» Exercise directions
The following data is to be repeated exactly, its pictures excluded.

» Supplied material
^^^^
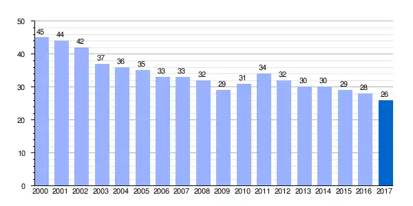 | Gráfica de evolución demográfica de Villamaderne[4] entre 2000 y 2017 |
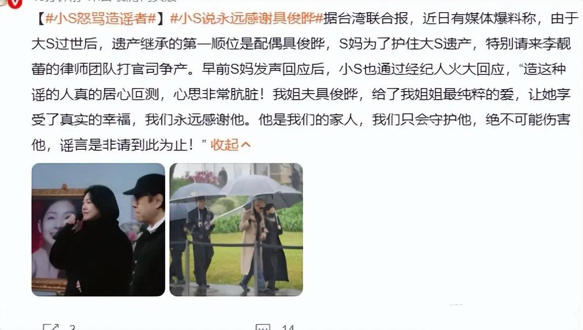 甚至有爆料稱,S媽欲和具俊曄打官司,爭奪10億新臺幣的遺產。可緊接着S媽黃春梅,還有小S都闢謠了。一個說歐巴是兒子,一個說全家都會保護姐夫。
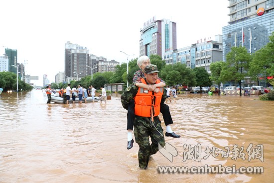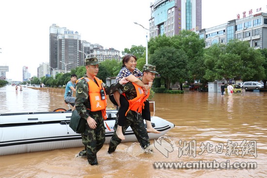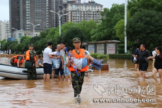 湖北日?qǐng)?bào)網(wǎng)訊(通訊員何智利、何彥卿、記者江卉)8月11日20時(shí)至8月13日12時(shí),咸寧地區(qū)普降大到暴雨,局部特大暴雨量達(dá)204.7毫米。強(qiáng)降雨導(dǎo)致城區(qū)咸寧大道、銀泉大道、玉泉街、書臺(tái)街等多條城市主干道嚴(yán)重積水,造成嚴(yán)重內(nèi)澇。8月13日13時(shí)許,武警咸寧支隊(duì)接到任務(wù)后,支隊(duì)長廖光明率50名官兵,出動(dòng)車輛6臺(tái)、救援繩20根、皮劃艇3艘,轉(zhuǎn)移受災(zāi)群眾300余人,轉(zhuǎn)運(yùn)受損拋錨車輛20余臺(tái),疏通城市主干道5條。截止13日18點(diǎn),武警官兵還在一線救援。
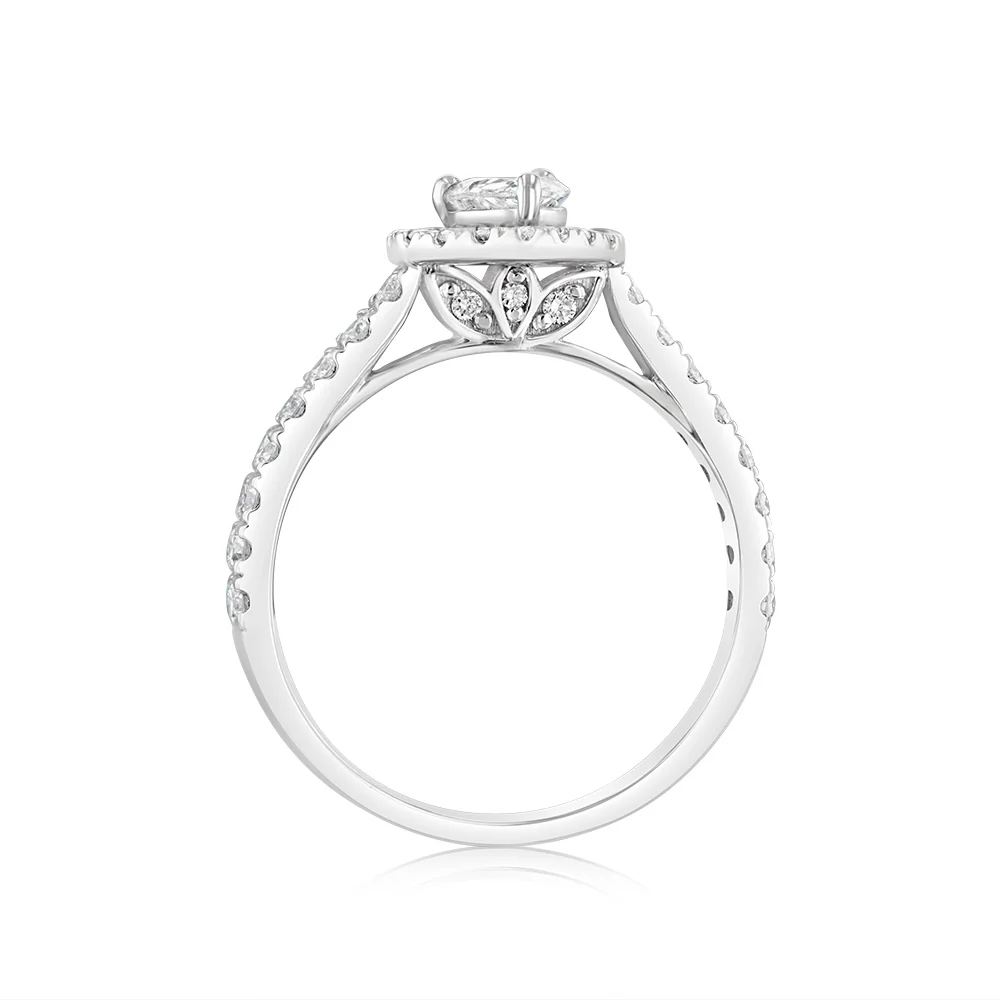 Luminesce Lab Grown 9ct White Gold 1 Carat Diamond Halo Solitaire Ring with Pear Centre Diamond
^^^^
» The answer
 | Gráfica de evolución demográfica de Villamaderne[4] entre 2000 y 2017 |
 甚至有爆料稱,S媽欲和具俊曄打官司,爭奪10億新臺幣的遺產。可緊接着S媽黃春梅,還有小S都闢謠了。一個說歐巴是兒子,一個說全家都會保護姐夫。
 湖北日?qǐng)?bào)網(wǎng)訊(通訊員何智利、何彥卿、記者江卉)8月11日20時(shí)至8月13日12時(shí),咸寧地區(qū)普降大到暴雨,局部特大暴雨量達(dá)204.7毫米。強(qiáng)降雨導(dǎo)致城區(qū)咸寧大道、銀泉大道、玉泉街、書臺(tái)街等多條城市主干道嚴(yán)重積水,造成嚴(yán)重內(nèi)澇。8月13日13時(shí)許,武警咸寧支隊(duì)接到任務(wù)后,支隊(duì)長廖光明率50名官兵,出動(dòng)車輛6臺(tái)、救援繩20根、皮劃艇3艘,轉(zhuǎn)移受災(zāi)群眾300余人,轉(zhuǎn)運(yùn)受損拋錨車輛20余臺(tái),疏通城市主干道5條。截止13日18點(diǎn),武警官兵還在一線救援。
 Luminesce Lab Grown 9ct White Gold 1 Carat Diamond Halo Solitaire Ring with Pear Centre Diamond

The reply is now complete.